# Sword and Goldens



## ronnied78 (Apr 13, 2016)

Made it out Saturday morning. Left Emerald Coast Marine at 5 am. Goal was daytime sword and maybe deep dropping so didn't stop for any bait. Nice ride out able to run about 25 knots for the 60 mile trip to the Spur. No current but setup a drift not too far away from a sportfisher out there doing the same thing I guess. Started first drift in about 1525-1550' not much current with the wind no moving us too much either. Nothing really doing on that bait and on retrieve we had a slight tangle with a little action on the bait that we must have missed. Next bait goes don in the 1560-1600' range pretty quickly it's acting a little weird not sure if it's bite or not but we drop it down pull it up a couple times. I think something is wrong so we start bringing it up to check and make sure we aren't tangled again (this is my second time doing this and first time on my own with my own rigged baits...) when we clear the weight it is then that we realize we have a sword on.... He plays nice and we get him in the boat pretty easily and he's 50" right at 48#caught at 10:30. Not bad for beginners luck! tried to run WNW but the seas at this time are getting pretty rough so we rad due N to about 1000' and deep dropped and caught 6 golden tiles. Great day out and yes the waves picked up to steady 2-3s and we had a rough ride in with a bill fish sticking out of the box so all was well!!
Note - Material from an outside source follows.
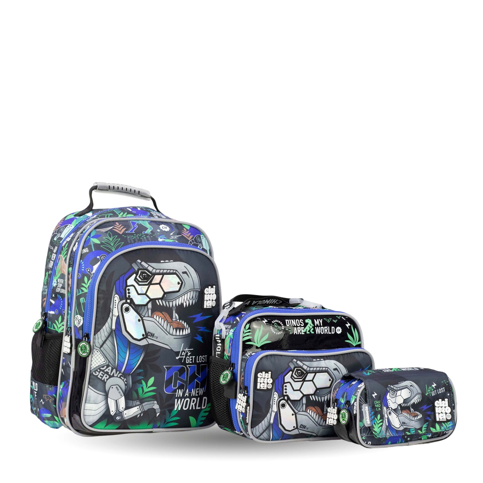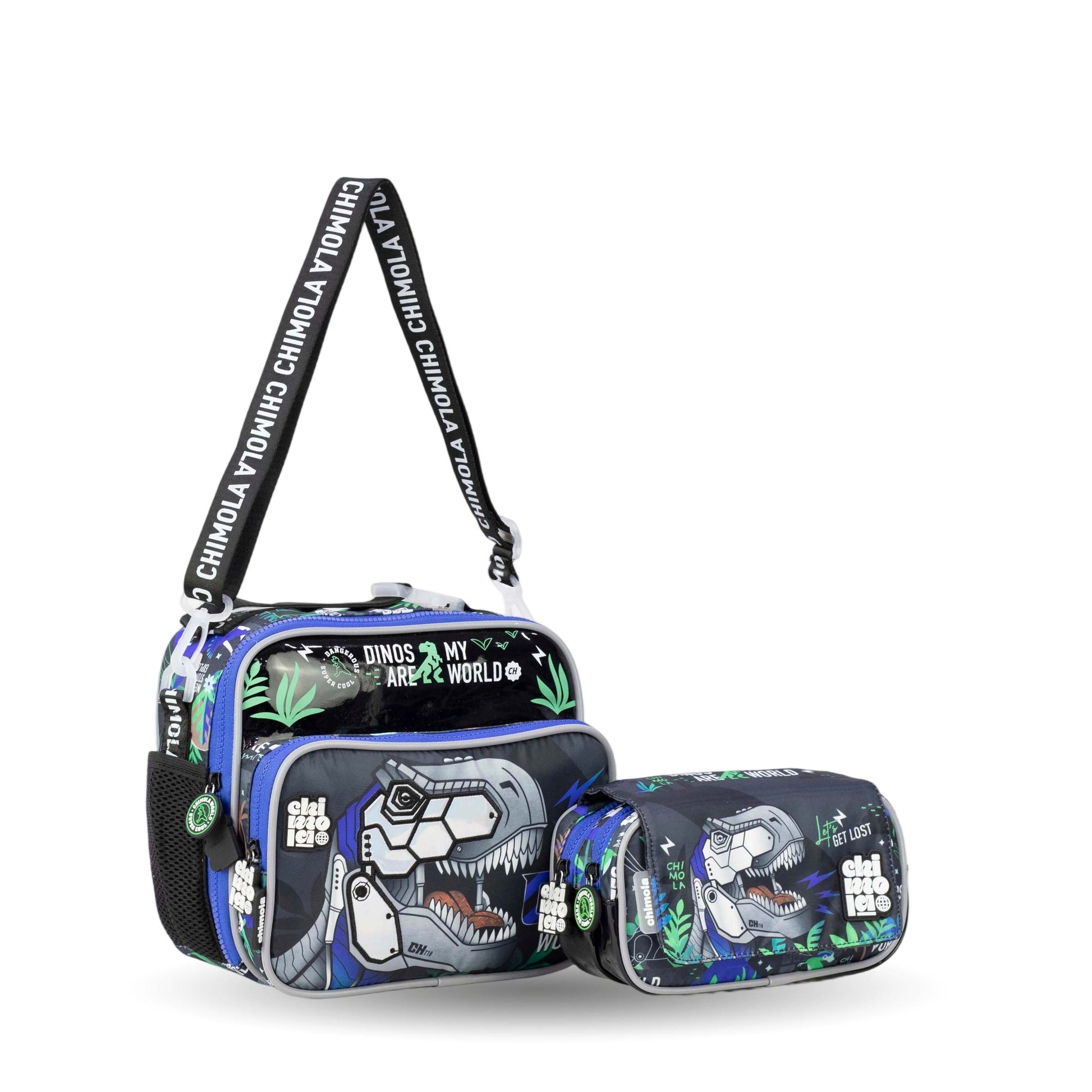 MM056 حقيبة ظهر مدرسية Chimola مع حقيبة طعام ومقلمة، تصميم ديناصور، أزرق وأخضر

Thanks for everyone on here for a few pointers!!!


----------



## fishsticker (Jan 11, 2009)

Congrats, wanted to go do the same but decided against it with the way the wind was behaving all week.


----------



## Durkee (Sep 21, 2015)

Nice work congrats on the sword. Good report..!


----------



## Solace (Apr 23, 2009)

Nice haul. We had no luck trolling the Edge for wahoo. And yes nasty wind and seas on the long ride home.


----------



## hjorgan (Sep 30, 2007)

Good job on the sail and tiles. Good eats! Mind sharing your baits and setup?


----------



## bigtallluke (Jul 14, 2012)

Nice work man! I got out to the spur late on Sunday around 2:00 and made a deep drop on that area NW of you in 1150’ of water. Got two bites but I couldn’t get tight. It was my first attempt at day timing but I was pleased with how everything worked out except for I wanted to get the rod loaded up bad!! I’m on a mission to figure it out. Stoked that you got one!! Nice job! If you ever need someone to jump on and help out then let me know. Finding a crew can be tough sometimes


----------



## how2fish (Jan 21, 2008)

Congrats on the sword !


----------



## rustybucket (Aug 18, 2011)

Congrats! We hope to join the sword crowd this summer! Thanks for the report!


----------